東レ ファイバー・産業資材事業部門/エアバッグをコロナ前以上に/プロジェクトIで70テーマ

2021年06月24日 (木曜日)

 東レのファイバー・産業資材事業部門は2021年度、エアバッグ用ナイロン66事業の業績を19年度以上の状態に回復させるとともに、衣料用ナイロン長繊維事業の黒字転換を計画する。次の工程に踏み込んで新規用途・客先の開拓を目指す“プロジェクトI(イノベーション)”を強化し、既に取り組んできた70テーマの早期具体化を急ぐ。

 20年度は新型コロナウイルス禍で苦戦を強いられ、好調だったエアバッグ事業にも上半期に一転、ブレーキがかかったものの、下半期から急回復し、現在は糸、生地、縫製の内外全拠点がフル操業を続けているという。

 ファイバー事業では、原料高騰を見据えた先物買いでアクリル「トレロン」がタイトに推移している一方、パンストのインバウンド需要が消失した衣料用ナイロンが大苦戦に転じた。

 21年度は、エアバッグ事業で北米の原料メーカーがフォースマジュール(不可抗力)を表明しており、「ナイロン66原料を十分に調達できないのがもどかしい」(平井正夫ファイバー・産業資材事業部門長)状況を強いられているものの、19年度実績以上に業績を回復させる。

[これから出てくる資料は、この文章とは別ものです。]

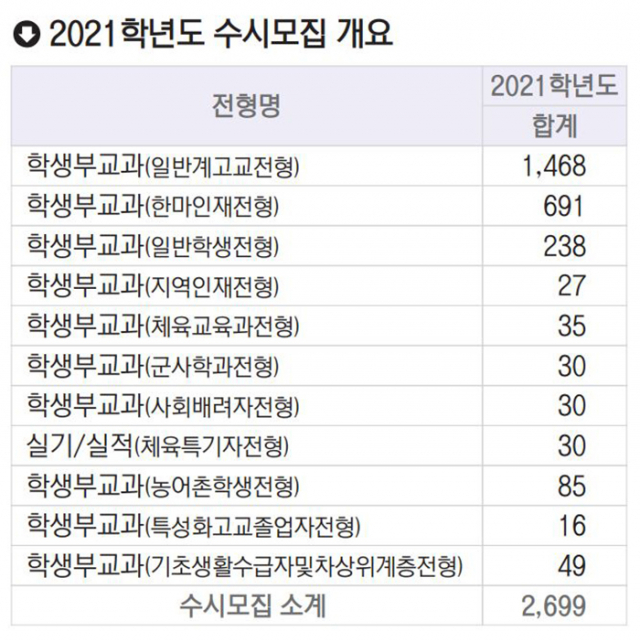 차문호 경남대 입학처장은 “2021학년도 수시모집에서 전체 모집인원 2907명 중 92.8%인 2699명을 선발하며, 작업치료학과와 기계공학부 스마트기계융합공학 전공 신설 등의 교육조직 개편으로 7학부(15전공) 44개 학과를 모집한다”고 밝혔다.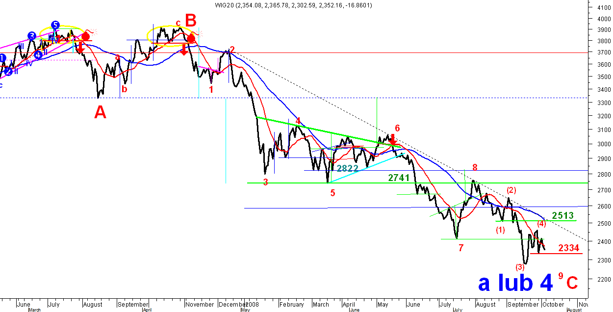 Wydaje mi sie ze zaczelismy podfale nr5 w 3 w C.Wyglada na to ze podfala 4 to byla korekta pedzaca 3-3-5.Teraz zjazd do 2080pkt i odbicie.A potem w listopadzie ostatnia 5 fala zapchnie indeks ponizej 2000pkt i skonczy sie bessa.To by sie pokrywalo z przepowiedniami Jackowskiego ze w listopadzie zwala.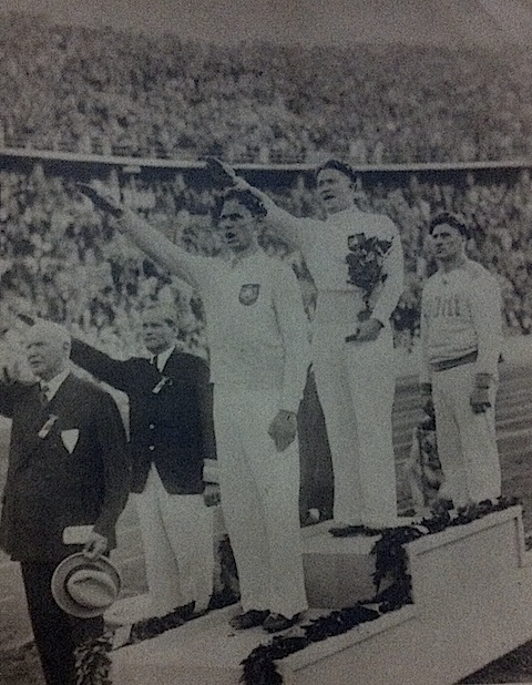 砲丸投げで金銀獲得したドイツ選手。植木鉢を片手にHeil!の敬礼。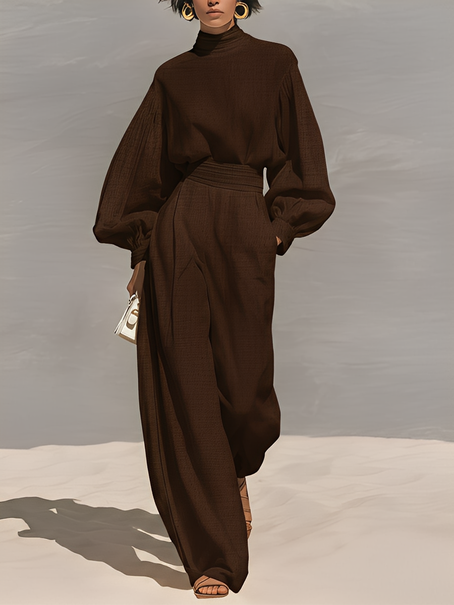 Women's Chocolate Woven Set With Puff Sleeve Turtleneck & Wide-Leg Pants, Timeless Luxe-Chic Style Set MDZ1509A3I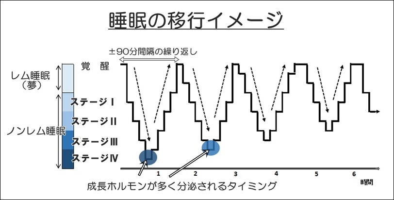 こうなると、次に眠りに落ちた時に「ステージⅢ」や「ステージⅣ」の領域に到達することができず、成長ホルモンがしっかりと分泌されないということが起こります。このため、ただたくさん眠れば良いということではなく、眠り初めの最初の3時間をいかに適切な環境で過ごすかが大切になってきます。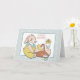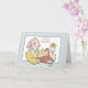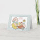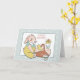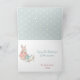 Auf der Vorderseite dieser hübschen Osterkarte befindet sich ein altmodischer Osterhasen in aquamarinem Grün und Gelb, der neben einem Korb sitzt. Im Korb ist ein kleines gelbes Küken. Der Text oben sagt "Happy Oaster" in weichem Rosa. Ein Musterrahmen umschließt Bild und Text. Im Inneren gibt es mehr anpassbare Textfelder in Rosa und Pastellgrün aquamarin. Es gibt ein anderes Bild vom Hasen mit einer Gießkanne unten.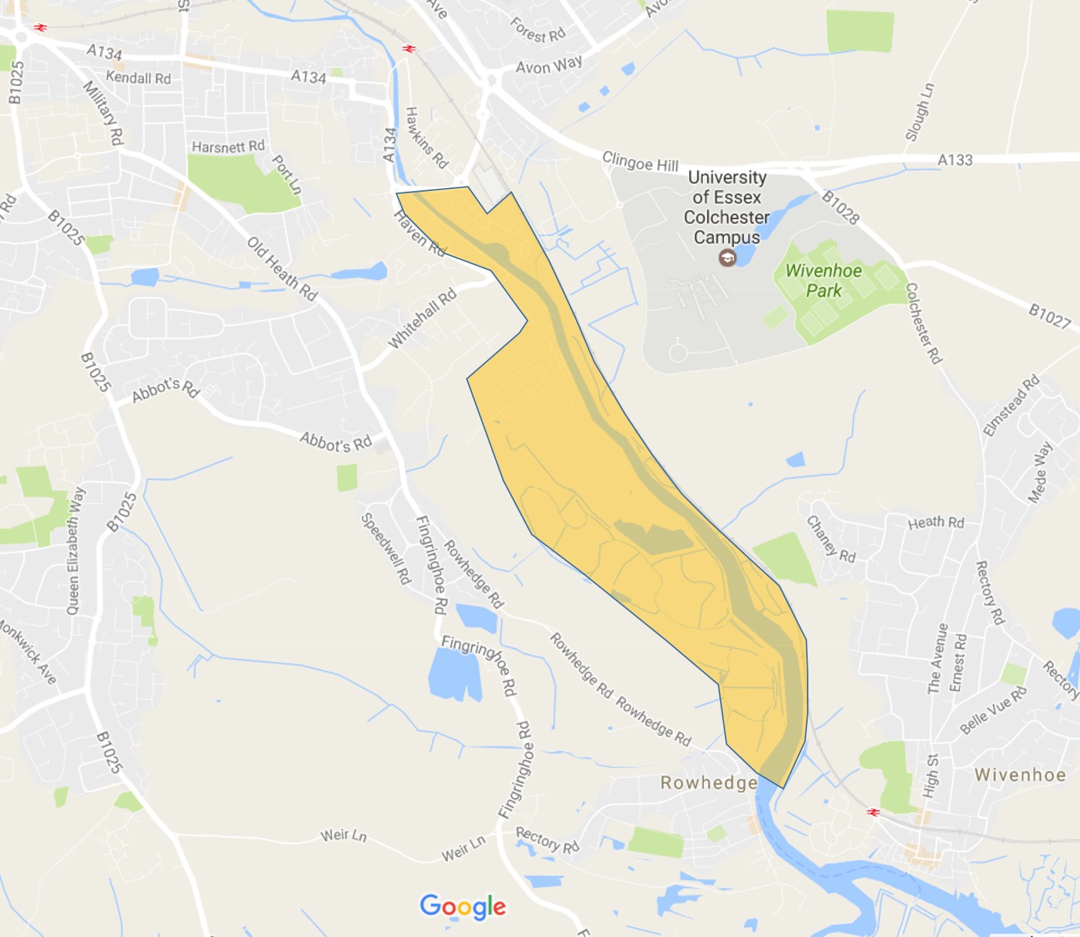 The nearest railway stations are Hythe (Essex) and Wivenhoe.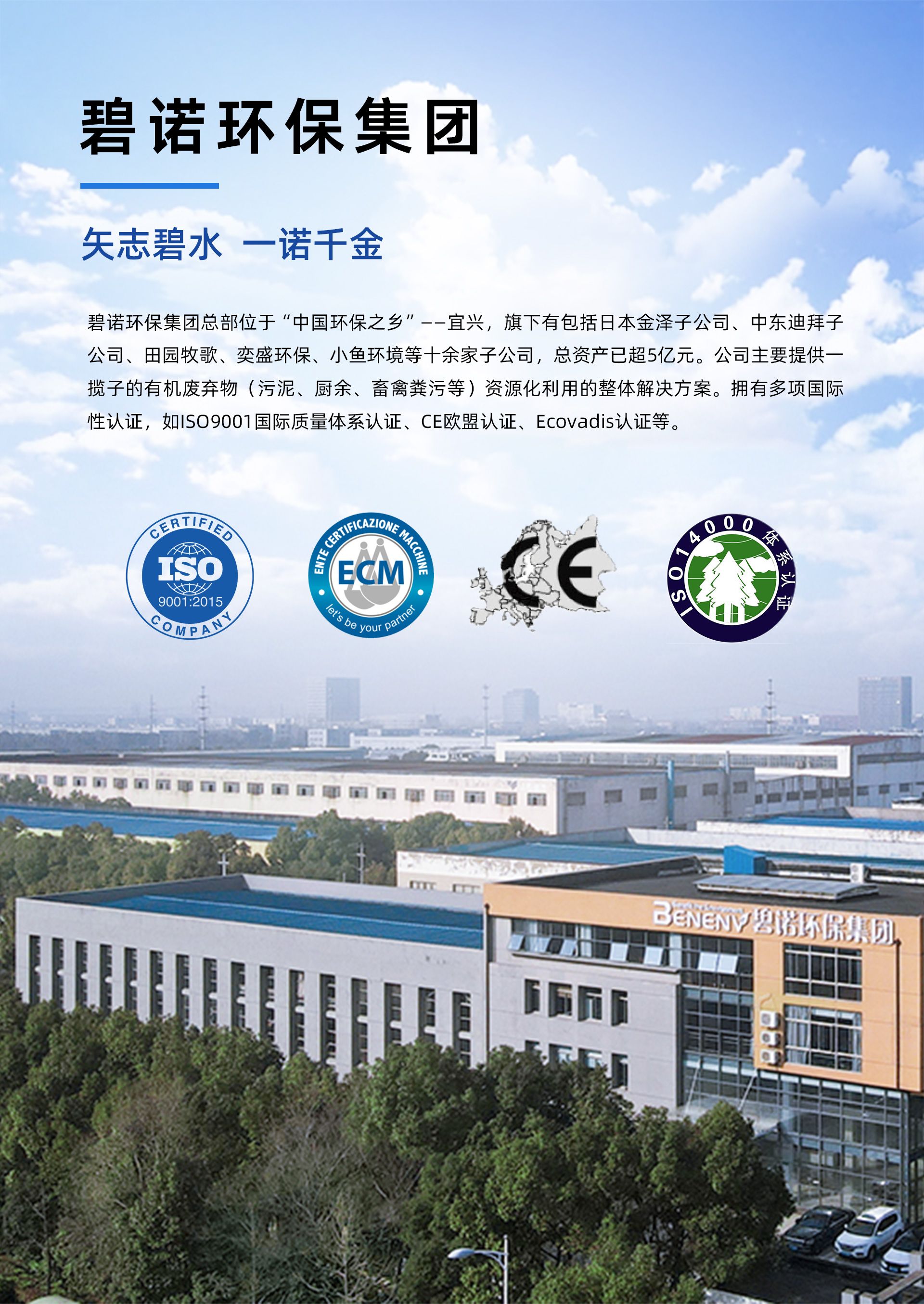 碧諾環(huán)保集團(tuán)總部位于“中國(guó)環(huán)保之鄉(xiāng)”——宜興,旗下有包括日本金澤子公司、中東迪拜子公司、田園牧歌、奕盛環(huán)保、小魚(yú)環(huán)境等十余家子公司,總資產(chǎn)已超5億元。公司主要提供一攬子的有機(jī)廢棄物(污泥、廚余、畜禽糞污等)資源化利用的整體解決方案。擁有多項(xiàng)國(guó)際性認(rèn)證,如ISO9001國(guó)際質(zhì)量體系認(rèn)證、CE歐盟認(rèn)證、Ecovadis認(rèn)證等。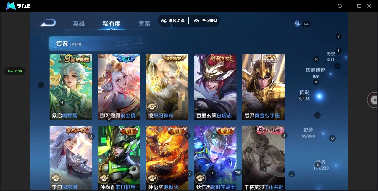 - PX_2093929-实名: 可修改 贵族等级: V7 英雄数: 123 皮肤数: 185 星传说: 幽冥火 传说皮: 地狱火,典韦战鼓燎原 限定皮: 李小龙,梁祝,五谷丰年,鸣野蒿,逐霄战戟
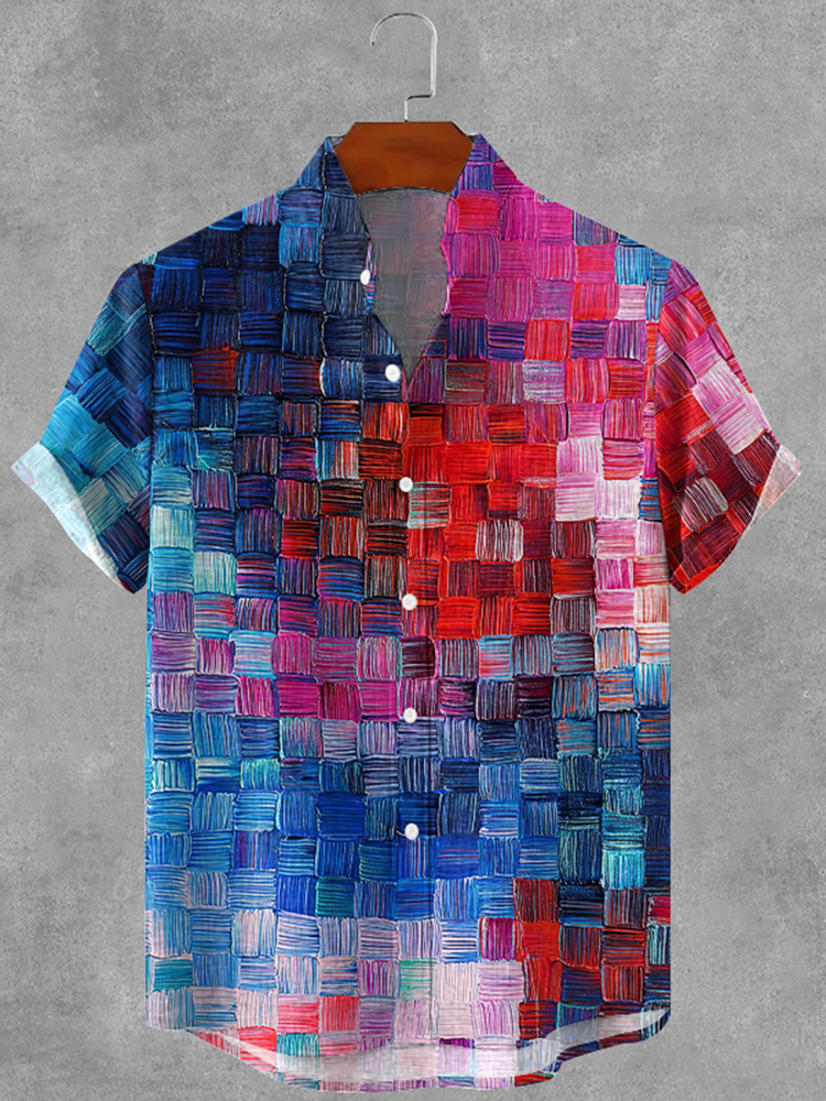 Retro Oil Painting Geometric Plaid Art Print Cotton And Linen Shirt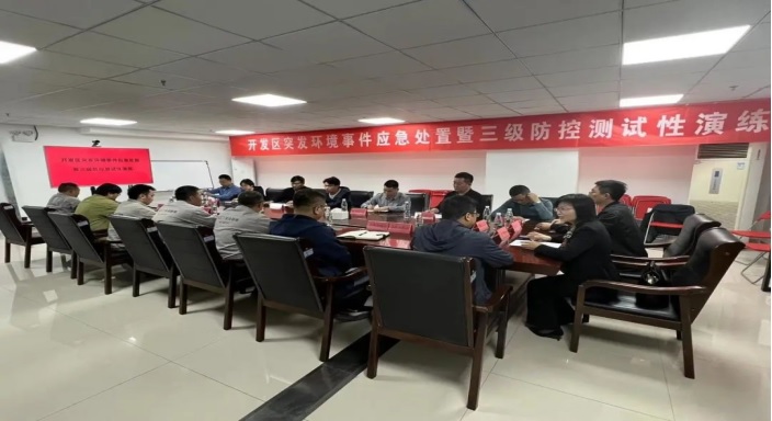 場(chǎng)景三:桌面推演、信息報(bào)送、總結(jié)提升演練。公司應(yīng)急搶險(xiǎn)組和海安市生態(tài)環(huán)境局共同進(jìn)行桌面推演小結(jié)??偨?jīng)理陳永東就企業(yè)如何第一時(shí)間開展應(yīng)急救援、污染物控制及應(yīng)當(dāng)履行的環(huán)境應(yīng)急管理義務(wù)進(jìn)行了重申;就應(yīng)急的專業(yè)性、規(guī)范性,監(jiān)測(cè)的及時(shí)性、可行性、代表性進(jìn)行了重述;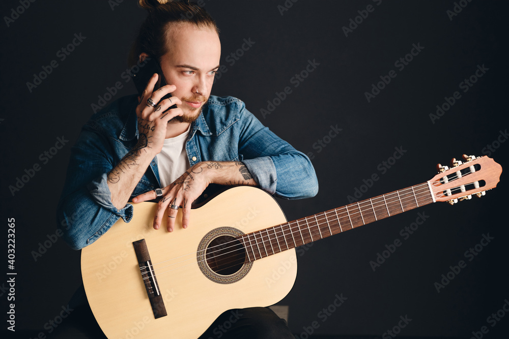 Young tattooed male musician with guitar looking thoughtful talking on phone over black background. Modern technology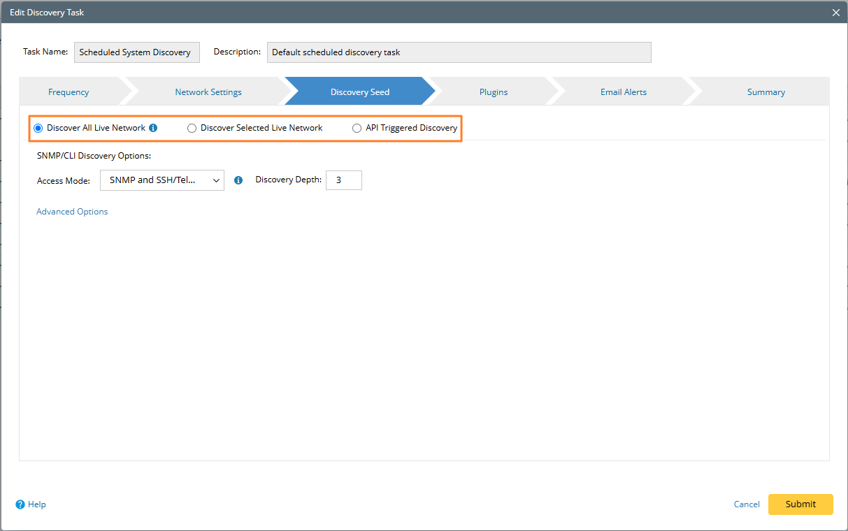 On the Discovery Seed tab, select the discovery seed for the scheduled discovery. There are three types of discovery seeds to be selected:
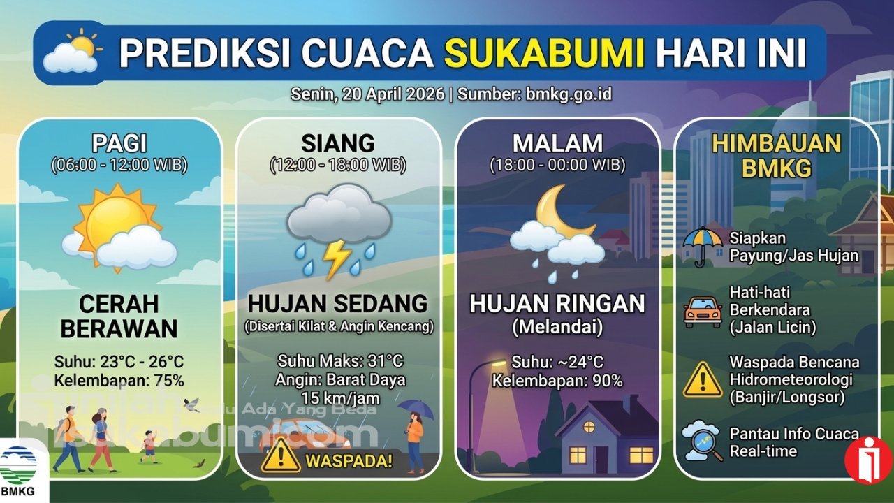 INILAHSUKABUMI.COM – Badan Meteorologi, Klimatologi, dan Geofisika (BMKG) merilis prakiraan cuaca untuk wilayah Kota dan Kabupaten Sukabumi pada Senin, 20 April 2026. Berdasarkan data terbaru, cuaca diprediksi mengalami perubahan dari cerah berawan pada pagi hari menjadi hujan ringan hingga sedang pada siang dan sore hari.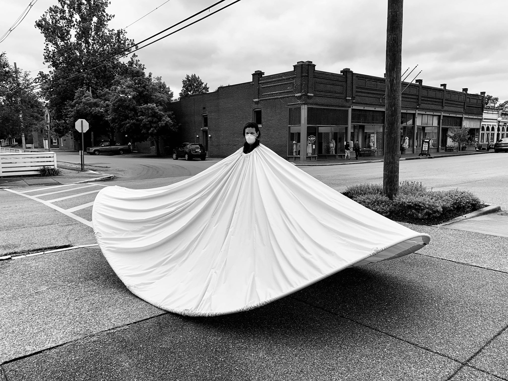 Photographed by Mary Ann Michna, artist Sarah Aziz visits New Harmony, Indiana to do a photoshoot in her COVID inspired fashion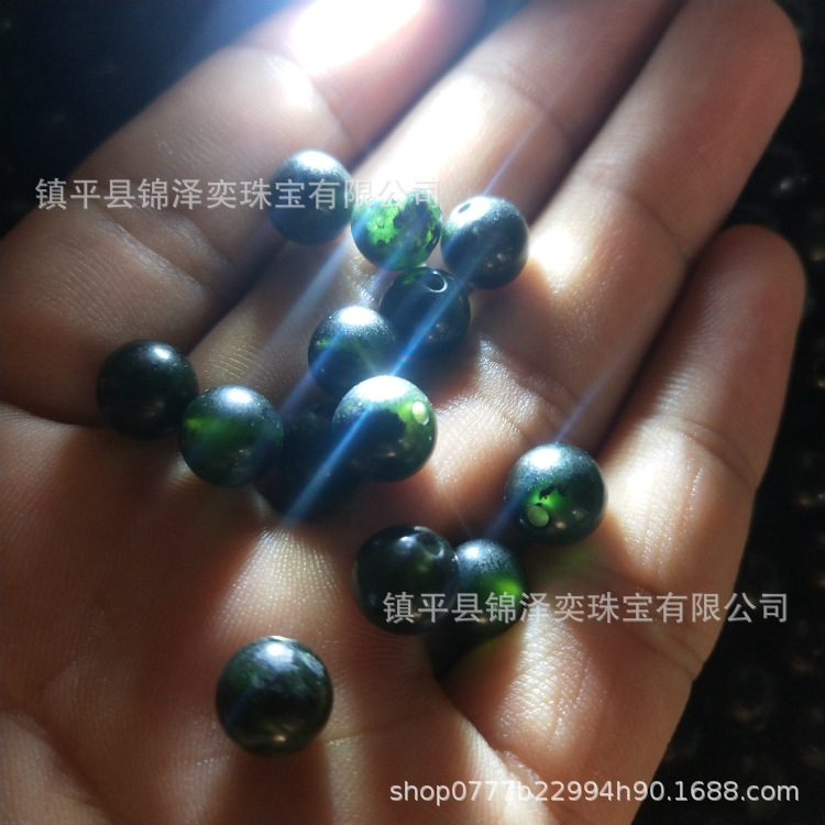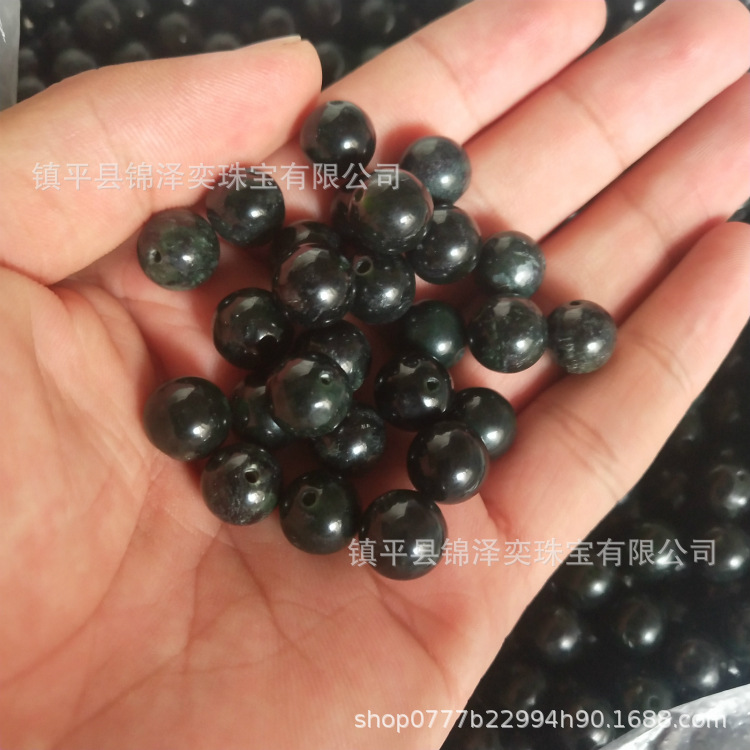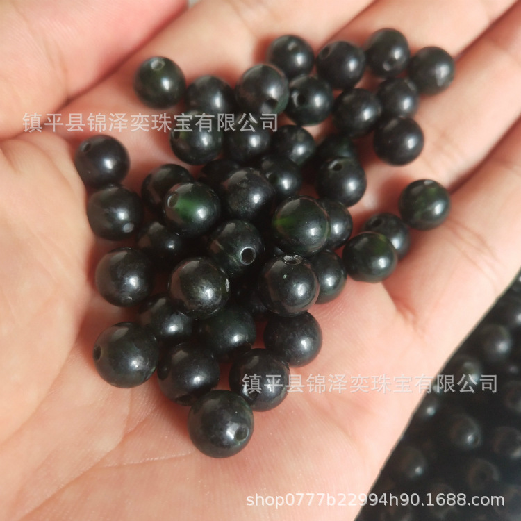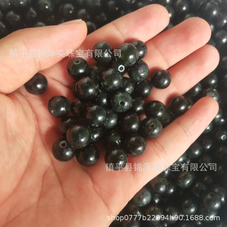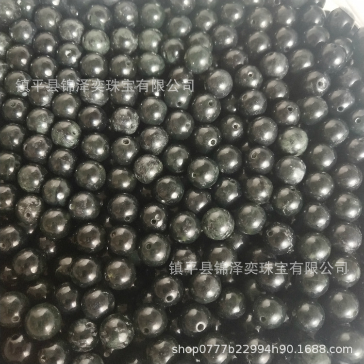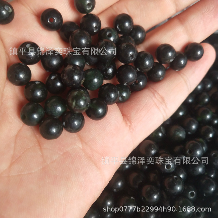厂家直销墨玉散珠批发透料墨绿玉珠子药王石圆珠蓝田玉珠蛇纹石玉

 プロジェクトIでは、既に40テーマを予算化し、30テーマも予算化に向け順調に開発が進展していると言う。ランニングシューズのアッパー、デニム、新タイプの防ダニわた、防獣ネット、高速道路用のコンクリート剥落防止ネットなどでスペックインに取り組んでおり、順調に進めば40テーマで13億円、70テーマで20億円の売り上げを計上できるという。

 衣料用ナイロンでは「想定よりも回復のペースが遅いが、下半期以降の回復を期待できる」とみており、大手アパレルやスポーツブランド向けの拡販でナイロン長繊維事業の損益を21年度で黒字浮上させる。

 優れた白度、トレーサビリティーが特徴の再生ポリエステル「&+(アンドプラス)}の70%を海外で生産しており、既に海外では玉不足気味の状態という。

 21年度はさまざまな用途への販売が滑り出しており、プロジェクトIの一環で開発中のカーシート用ニットを年明けから(糸売りではなく)テキスタイルで投入する。